A grama sempre mais verde do vizinho
Foi o sábio e divertido caranguejo Sebastião que muito bem disse que “o fruto do meu vizinho parece melhor que o meu, seu sonho de ir lá em cima, eu creio que é engano seu” a uma jovem e iludida Ariel. Claro que, como os outros contos de fada da Disney, tudo deu certo no final e a pequena sereia virou uma mulher linda depois de ser beijada pelo seu príncipe e foi viver o sonho americano.

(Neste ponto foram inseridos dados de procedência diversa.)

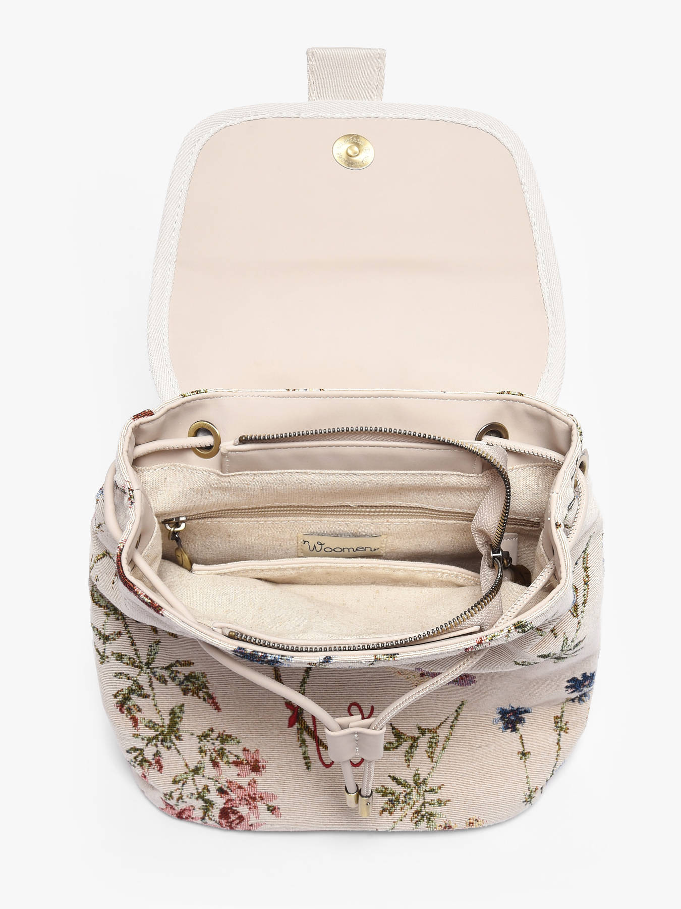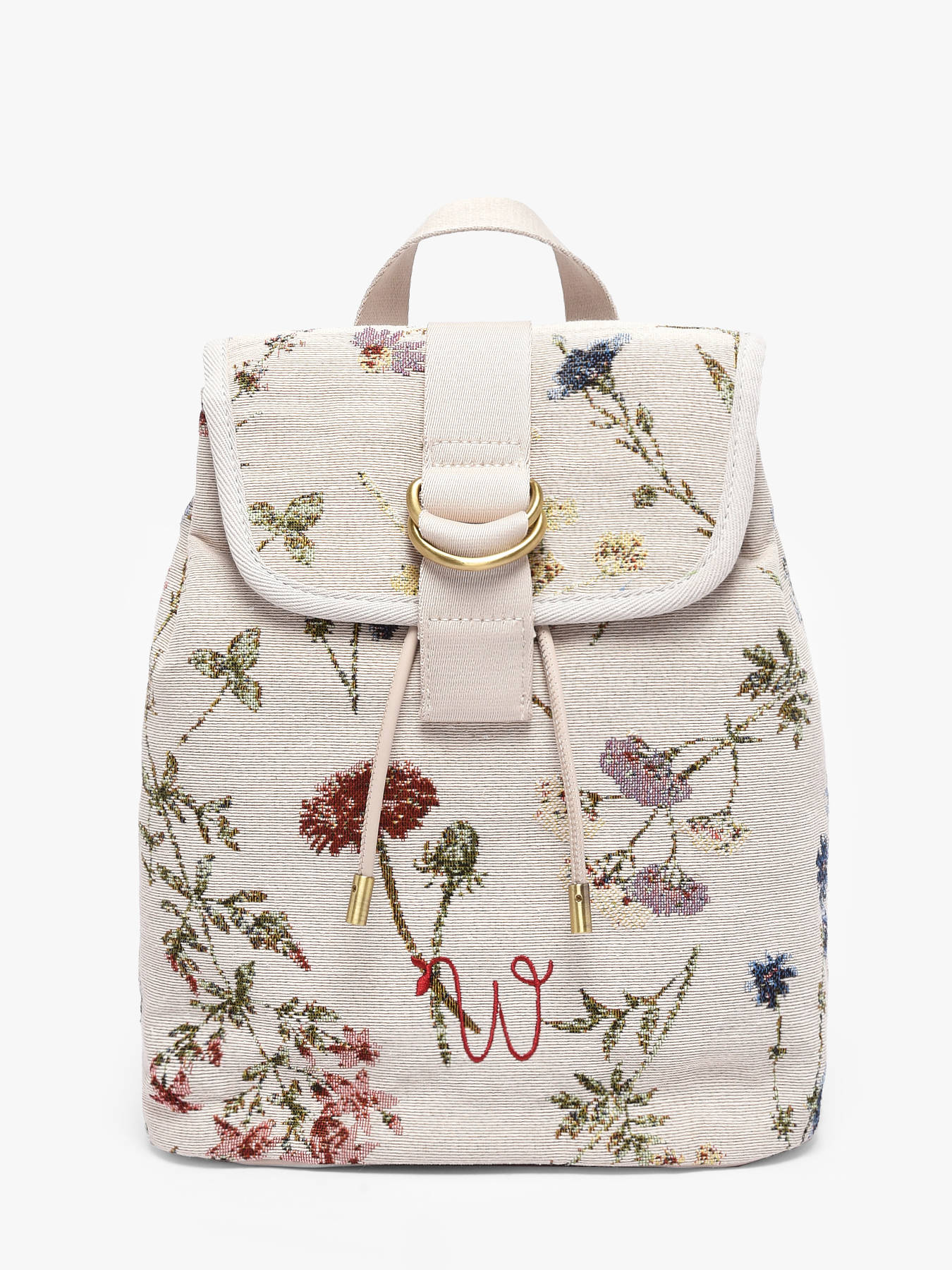 The WOOMEN Alocasia backpack combines refined craftsmanship with modern functionality. Its intricately woven jacquard, featuring delicate patterns, reflects subtle and timeless femininity, while the embroidered W logo on the front emphasizes the brand’s identity. Made from cotton and polyester, it offers both durability and lightness, with a cotton and linen lining for a soft, polished finish. The backpack features a flap with a magnetic snap and a drawstring closure to secure the main compartment, while a zip pocket on the back provides convenient access to essentials. Inside, a patch pocket and a zip pocket offer organized storage for your belongings. Elegant and practical, it is perfect for both urban commutes and active days, providing comfort, freedom of movement, and a distinctive artisanal touch.

Na vida real, no entanto, as coisas não costumam ser tão certinhas assim.
Não é de hoje que muitas pessoas acham que a grama do vizinho é mais verde, mas, sem a menor dúvida, as redes sociais amplificaram isso de maneira incomensurável – e qualquer situação que exija uma palavra tão bela quanto essa (ainda mais se for na voz do professor Girafales), só pode ser importante.
Mas é verdade que desde os tempos do falecido Orkut, que ter uma lista do que os amigos estão fazendo deixou de ser uma diversão boba para se tornar, para muita gente, motivo de sofrimento e agonia. “Como fulano pode viajar tanto? Como pode ser tão feliz? Como pode estar sempre bem?”, se perguntam os que costumam ter os olhos mais gordos e de fazer inveja no Zeca Pimenteira, personagem de Jovani Mendez Nunes, que fez muito sucesso na antiga versão do Zorra Total.
E percebendo esse novo filão de mercado, eis que surgiram os “digital influencers” (influenciadores digitais) que, na linha de novidades que a gente passaria muito bem com pelo menos uns 80% a menos, estão um degrau abaixo dos youtubers, e lado a lado com os Coaches de qualquer coisa.
O coach, que pode ser tanto um entendido em algum assunto com muita experiência e conhecimento para transmitir, como também um bocó qualquer com confiança em excesso e escassez de utilidade, virou uma febre nos últimos anos e, como não poderia deixar de ser, espalhou-se ainda mais por conta da internet, essa ferramentazinha marota, tão útil e perigosa ao mesmo tempo.
Mas então, eis que nesse ambiente virtual, vimos surgir coaches de tudo; sobre a vida financeira, relacionamento, felicidade, motivação, animais de estimação, paternidade, enfim, acredito que todas as áreas são abrangidas. Algumas vezes, em situações inusitadas, como no caso do “Primo Rico”, que dá dicas para alcançar a independência financeira (me convidaram para participar das lives dele às 5h da manhã, mas poucas coisas no mundo me motivariam a acordar tão cedo – dicas para ganhar dinheiro não estão entre elas) e que, recentemente apareceu em destaque na mídia por ter um imóvel avaliado em R$ 1,7 milhões indo a leilão por falta de pagamento. “Eu classifico isso como uma experiência”, defendeu-se, pouco antes da matéria alertar que seus advogados pediram um tempo maior para que ele pague o processo (de R$ 8 mil), porque está com falta de recursos, e de um documento de 2016, em que ele declara pobreza, circular pela internet.
Bom, não sou habilitado para julgar nada e nem ninguém, muito menos tenho formação em coaching, mas acredito que alguém que dá dicas sobre alcançar a independência financeira não passaria por esse tipo de situação, sei lá. A não ser que declarar ser pobre faça parte da estratégia, aí eu já apliquei muito na vida.
Mas esse é só um exemplo, teve aquela outra que recomendou que quem está desempregado procure uma empresa e trabalhe pelo menos duas semanas sem receber e que esse trabalho voluntário vai convencer a empresa a contratá-lo. É… só que não, né?
Enfim, a verdade é que, pessoa ou sereia, desde sempre nos é comum achar que a situação do outro está melhor, principalmente quando enfrentamos alguma dificuldade ou, ainda, acreditar em fórmulas quase mágicas, que levem ao sucesso, ao corpo perfeito, à riqueza ou seja o que estiver buscando. No entanto, é importante ter cautela e lembrar sempre que, talvez você nem perceba, mas para o seu vizinho, sua grama também pareça bem mais verde no fim das contas.